▶ **Work item**:
A faithful transcription is wanted of the lines from the top of the material through the line that holds "赤×グレーを基調にしたクラシックなチェック柄ウールジャケット。", both ends included, leaving out the pictures.
++++ Records provided
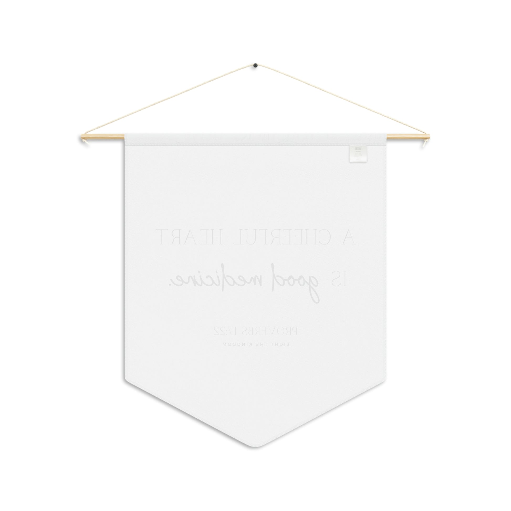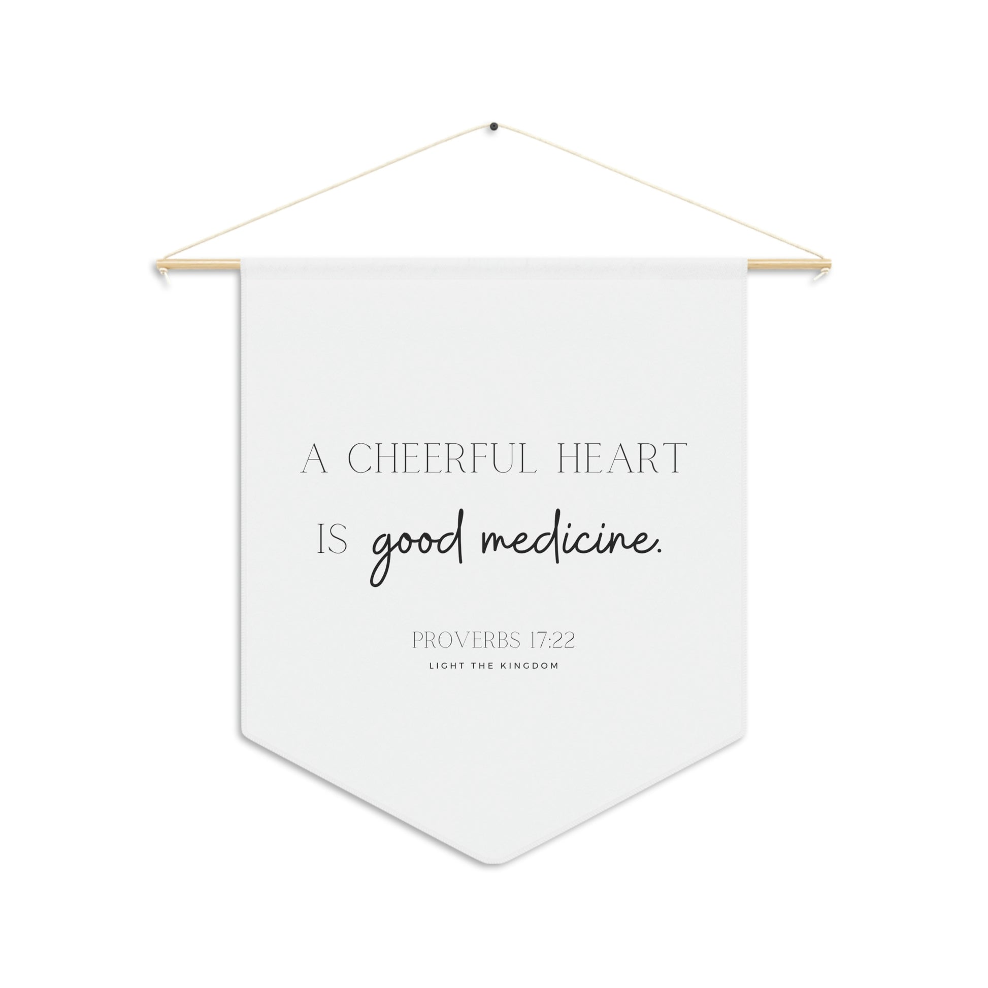 Begin each day with a cheerful heart! Hang the Cheerful Heart scripture hanging wall pennant as a daily reminder in your home or gift to someone in need! They're lightweight and highly durable for decor that looks clean, minimal and stunning. Each pennant wall hanging comes with a wooden dowel for easy hanging.
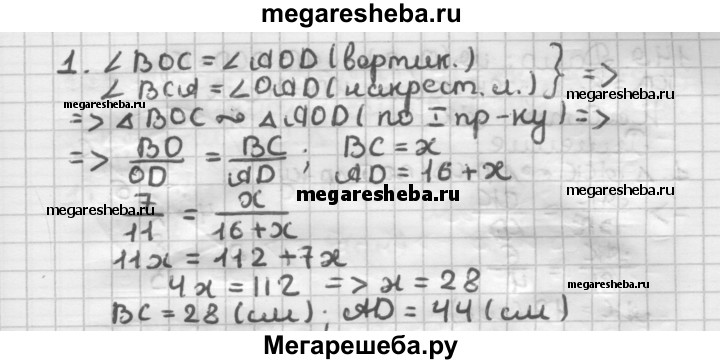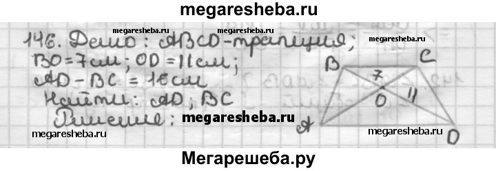 146. Точка пересечения диагоналей трапеции делит одну из диагоналей на отрезки длиной 7 см и 11 см. Найдите основания трапеции, если их разность равна 16 см.
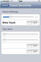 The majority of the new settings options are located in the Supreme Preferences options (scroll down, it’s just after the Photos option). However, it does add a few amoungst your other Settings options as well. In the General settings, you will now see an option for Auto-Dim as well as Touch Sensitivity. the Auto-Dim feature allows you to choose an how long you would like your screen to stay on before it dims. The options range from Never to 10 minutes. The Touch Sensitivity option allows you to change how sensitivity your iPhone or iPod Touch’s touch screen is. This ranges from 0.0 to 16.0. I would not suggest turning it all the way up to 16.0…it will take you 30 minutes to touch it perfectly in order to turn it back down!! Both of these features seem to work with correctly. You will also notice that it adds an iTunes option on your main settings menu. When selected, you will have the option to turn on/off Save Password.
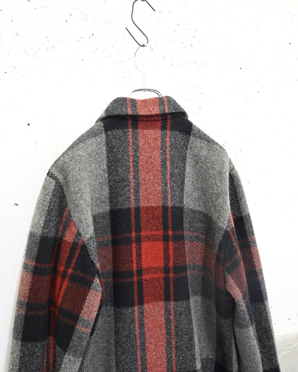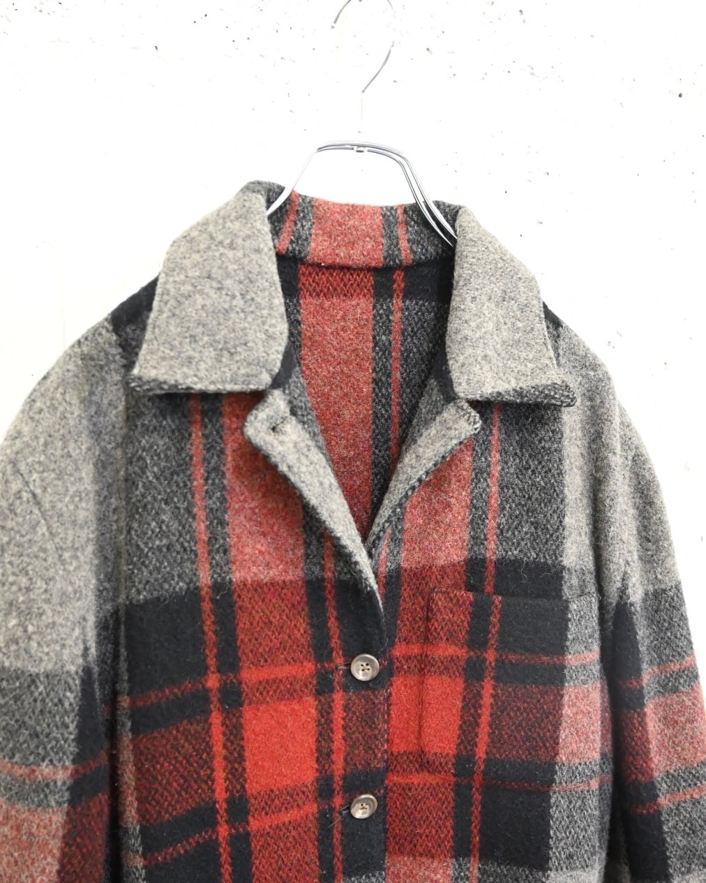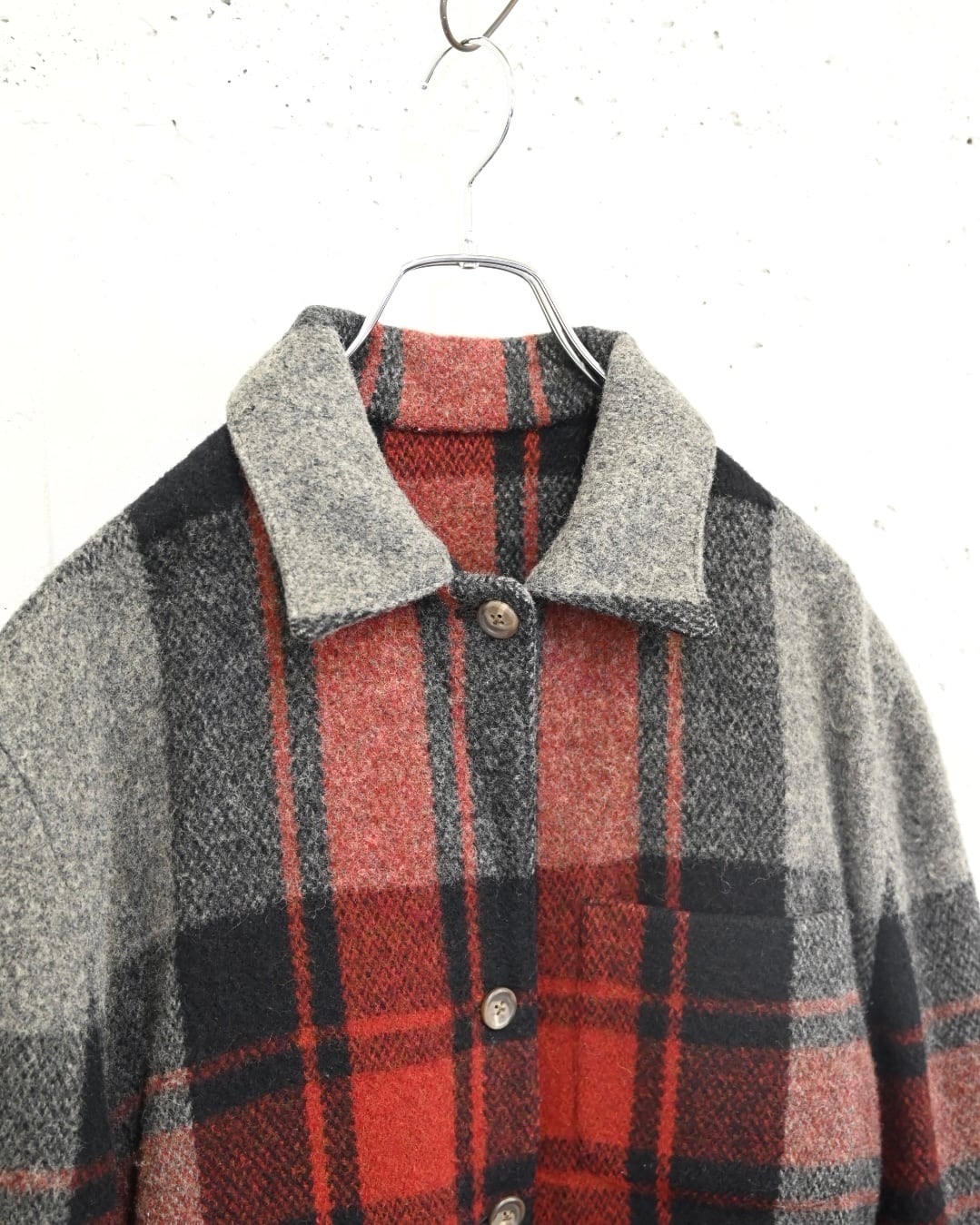 赤×グレーを基調にしたクラシックなチェック柄ウールジャケット。
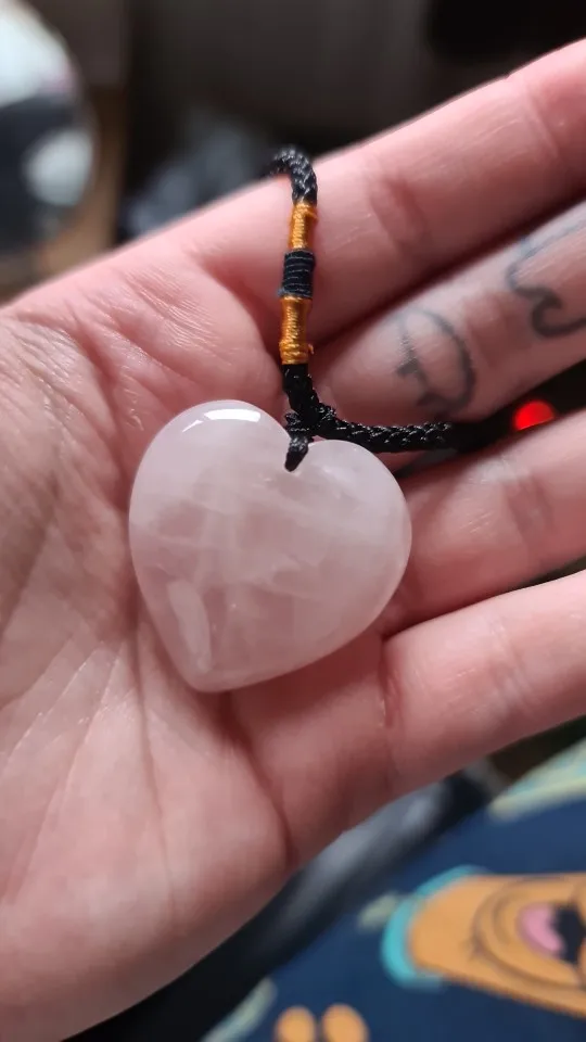 Embrace the tender vibes of Rose Quartz with this charming heart pendant—a gem that looks beautiful on everyone. Hand-polished from genuine stone, each piece has its own personality, patterns, and soft pink glow. The adjustable black rope ensures a perfect fit, whether you choose to layer it or let it shine on its own.
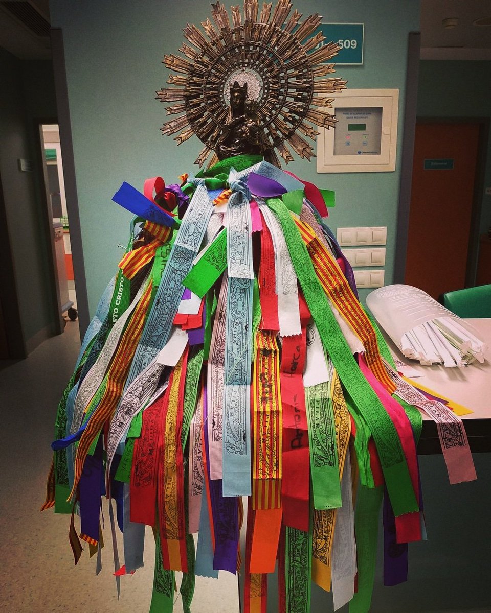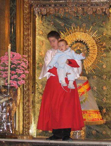 La tradición de “pasar por el manto” de la virgen del pilar, a los niños es antiquísima. Es la imagen más antigua de la virgen, que llego a zaragoza en el año 40, los primeros mantos datan de 1504, ya en 1577 tenía 72 mantos, de allí surgió la frase “Murió bajo el manto de la Virgen del Pilar”, un privilegio que tienen los caballeros y damas de la Corte de Honor de la Virgen y algunas personalidades (el papa Juan XXIII, por ejemplo, o Alfonso XIII, que murió en Roma bajo el manto A principios del siglo XVII. Así las peticiones de mantos de la virgen del pilar de Zaragoza para los enfermos, eran tan abundantes, que se crearon las “medidas de la Virgen“, las famosas cintas, cuya función es cubrir a los enfermos con el manto de la virgen a la hora de la muerte, para alcanzar la misericordia de Dios. Estas cintas miden 36’5 cm, exactamente la altura de la imagen de la Virgen del Pilar.
++++++++
▶ **Task answer**:
 Begin each day with a cheerful heart! Hang the Cheerful Heart scripture hanging wall pennant as a daily reminder in your home or gift to someone in need! They're lightweight and highly durable for decor that looks clean, minimal and stunning. Each pennant wall hanging comes with a wooden dowel for easy hanging.
 146. Точка пересечения диагоналей трапеции делит одну из диагоналей на отрезки длиной 7 см и 11 см. Найдите основания трапеции, если их разность равна 16 см.
 The majority of the new settings options are located in the Supreme Preferences options (scroll down, it’s just after the Photos option). However, it does add a few amoungst your other Settings options as well. In the General settings, you will now see an option for Auto-Dim as well as Touch Sensitivity. the Auto-Dim feature allows you to choose an how long you would like your screen to stay on before it dims. The options range from Never to 10 minutes. The Touch Sensitivity option allows you to change how sensitivity your iPhone or iPod Touch’s touch screen is. This ranges from 0.0 to 16.0. I would not suggest turning it all the way up to 16.0…it will take you 30 minutes to touch it perfectly in order to turn it back down!! Both of these features seem to work with correctly. You will also notice that it adds an iTunes option on your main settings menu. When selected, you will have the option to turn on/off Save Password.
 赤×グレーを基調にしたクラシックなチェック柄ウールジャケット。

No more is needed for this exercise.